One large study evaluated the specific effects of soy isoflavone supplements on thyroid function. Postmenopausal women between the ages of 64 and 83 were given daily doses of 90 mg of soy isoflavones or a placebo. Thyroid hormone levels were tested at baseline and again at 90 and 180 days. After six months, any differences in thyroid hormones between the groups were statistically indistinguishable.
Today, most experts agree that soy foods and isolated soy protein have little if any effect on thyroid function in normal, healthy adults. That said, the potential for soy isoflavones to disrupt thyroid function should not be ignored by people who have compromised thyroid function and/or people with suboptimal iodine status. But these groups aside, we contend that soy is a good source of protein when consumed in moderate amounts as part of a healthy, balanced diet.
In support of this position, note that Asian populations have a long history of consuming soy products without significant occurrence of goiter. This also holds true for vegetarians who consume not only higher levels of soy, but high levels of fruits and vegetables that contain other flavonoids known to inhibit thyroid enzyme activity. These flavonoids include kaempferol (found in apples, onions, green tea), naringenin (found in citrus fruits), and quercetin (found in fruits and berries). Such compounds are widely distributed in plant-derived foods and are consumed at relatively high levels (up to 1 gram or more per day) by vegetarians and vegans. Despite this, vegetarian diets have not been linked with decreased thyroid function.
Plants store phosphorus, an essential nutrient for plants and animals, in their seeds to support the growth of young seedlings. This phosphorus is stored in the form of phytate (inositol hexametaphosphate). Plant phytates are considered by some to be “anti-nutrients” because phytates consumed in the human diet can complex with essential minerals like iron and zinc and inhibit absorption in the gut. Others, however, consider phytates to be important food constituents that act not only as natural food-preserving antioxidants, but also help reduce risk of heart disease and cancer in those who consume whole grains, beans, seeds and nuts.

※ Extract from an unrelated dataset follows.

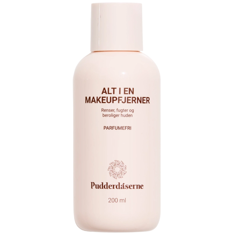 Pudderdåserne Alt I En Makeup Fjerner er en super effektiv og lækker makeupfjerner, der kan bruges til alle hudtyper og til både ansigts og øjenmakeup. Den er mild og skånsom mod huden, men fjerner stadig din vandfaste læbe- øjen- og ansigtsmakeup til perfektion, så du efterlades med en ren hud, der er helt klar til din daglige hudpleje rutine. Den er beriget med hyaluronsyre og andre fugtgivende ingredienser, så du udover at få en ren og frisk hud, også sikrer at den ikke tørrer ud, samtidig med at den beroliger de steder hvor huden kan føles irriteret. Et must-have til dig der længe har ledt efter ét produkt du kan bruge til det hele, og som hverken generer din sarte hud omkring øjnene, eller er for skrap til ansigtet.

Soybeans contain significant amounts of phytate (1.3-1.4%), and some point to this as a reason to avoid soy foods. However, it is important to note that most whole grains, beans, seeds, and nuts are also rich in phytates (Table 1), and there is a wealth of science to support the fact that these foods are important constituents of a healthy, well-balanced diet that supports longevity and reduced disease risk. As such, it is difficult to argue that soy should be avoided based on its phytate content when so many healthy foods contain comparable levels of phytates.
It is also important to note that on a percent basis, isolated soy protein contains far less phytate than do whole soybeans.
Table 1. Phytate contents of some common grains, beans, and nuts. Values from NR Reddy and SK Sathe (eds). Food Phytates. CRC Press, 2001.
Phytate Content (%)
|Soy Protein Isolates||
|Small White Beans||
|Great Northern Beans||
Soy and Chronic Disease Risk with an Emphasis on Breast Cancer
The association between soy consumption and chronic disease risk is controversial. Epidemiological research suggests that soy consumption is associated with reduced risk of heart disease, osteoporosis, and some cancers, but the mechanisms underlying these relationships are unclear. Is soy itself beneficial, or do these protective associations exist because those who eat higher amounts of soy also eat lower amounts of animal protein and fat? Both factors are likely involved, but enough research exists to indicate that soy protein and soy isoflavones likely provide some direct benefits.
Cardiovascular Disease: With respect to heart disease, soy protein consumption has been linked to modest (3-5%) decreases in serum LDL cholesterol. Soy isoflavones may play some role in maintaining vascular function and preventing arterial stiffness, but the clinical significance of these benefits has not been defined.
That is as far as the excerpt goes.